Below are entries. Give back exactly the lines from the one containing "Unisex Lord's Gym Print Acid Washed T-shirt" through the one containing "Handcrafted by Brown", inclusive, without the pictures.
Listed records Start Marker
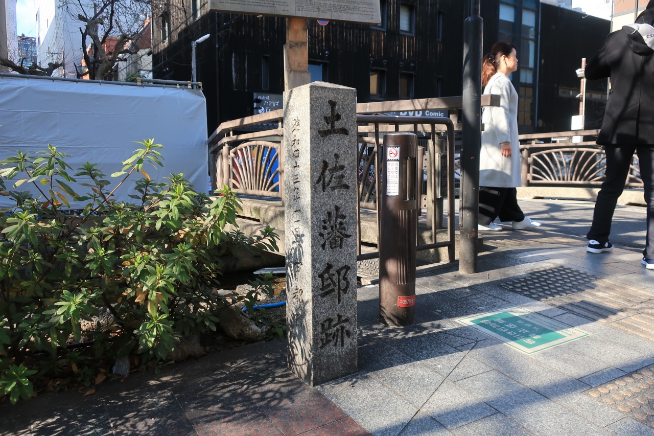 御池から四条までの木屋町通り沿いは風雲急を告げる幕末の舞台がずらりと並んでおり、その位置を示す石碑が林立している。この「土佐藩邸跡」もその一つだ。往時は坂本竜馬や武智半平太が出入りしたのだろう。近くには竜馬や半平太らの寓居跡を示す石碑がやはり並ぶ。幕末ファンにとってはぞくぞくするような場所だ。
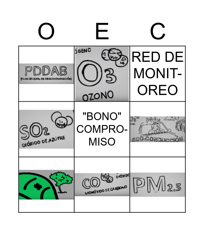 This bingo card has 7 images, a free space and 1 words: RED DE MONIT- OREO.
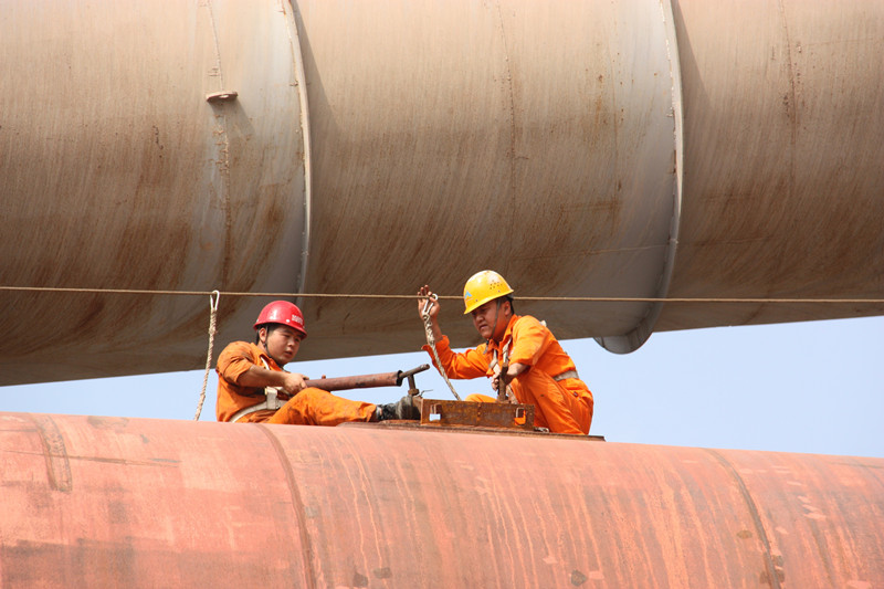 7月26日—8月3日,成县公司组织开展1号水泥窑检修,为下半年安全稳定生产保驾护航。本次检修共涉及99项,其中,煤磨至给煤机加装锁风喂料器和窑主传电机冷却风机安装两项为技术改造项目。图为维修部职工正在更换水泥窑检修门的丝杠。(路永梅/报道)
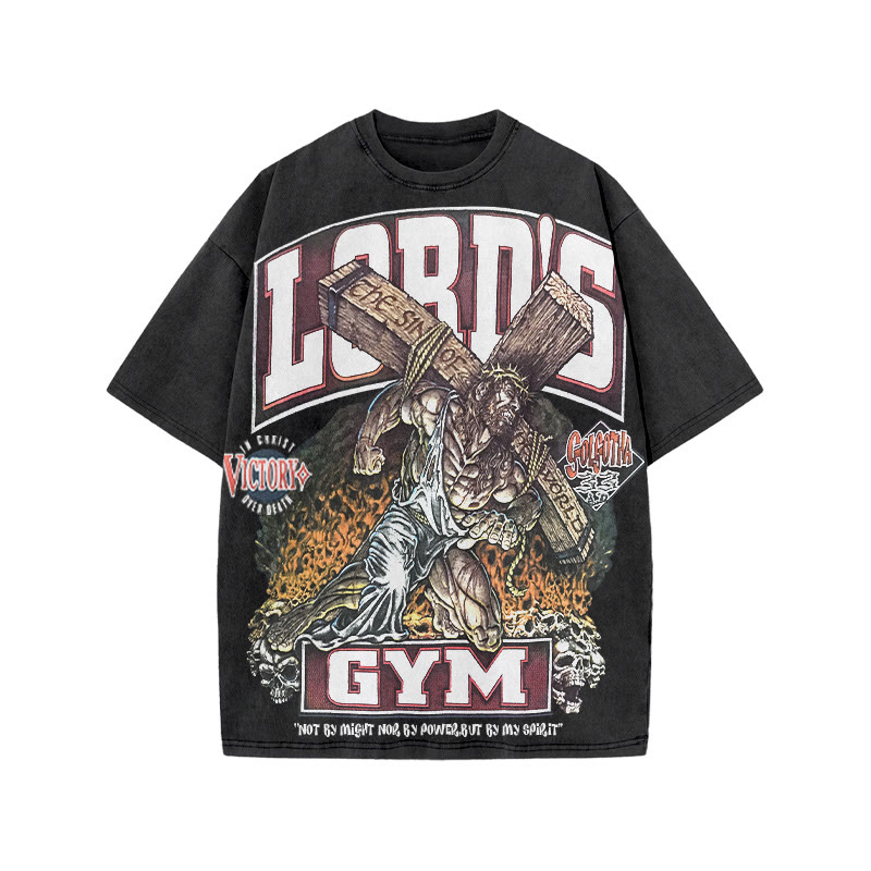 Unisex Lord's Gym Print Acid Washed T-shirt
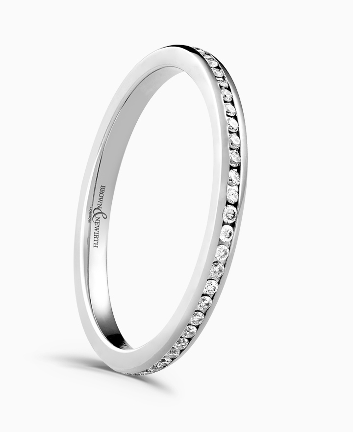 Handcrafted by Brown & Newirth; round brilliant cut diamonds adorn the full hoop of this classic court band. Part of the Icon Collection. Total carat weight 0.27ct
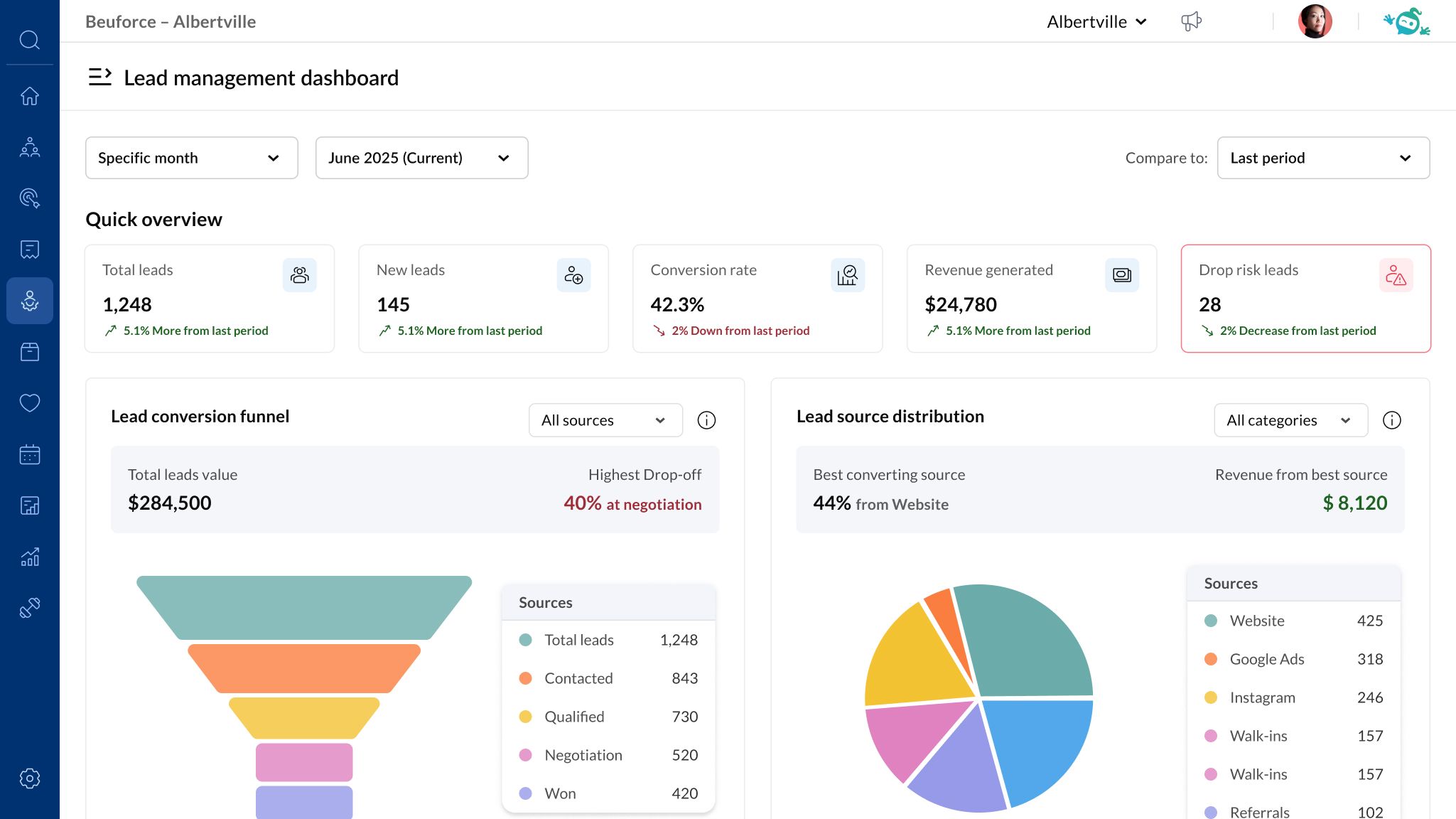 - Seguimiento del rendimiento en tiempo real: consulta paneles de control en directo, la actividad de los clientes potenciales y el rendimiento de las conversiones de todo tu equipo
Listed records End Marker
* [Exercise output]
 Unisex Lord's Gym Print Acid Washed T-shirt
 Handcrafted by Brown & Newirth; round brilliant cut diamonds adorn the full hoop of this classic court band. Part of the Icon Collection. Total carat weight 0.27ct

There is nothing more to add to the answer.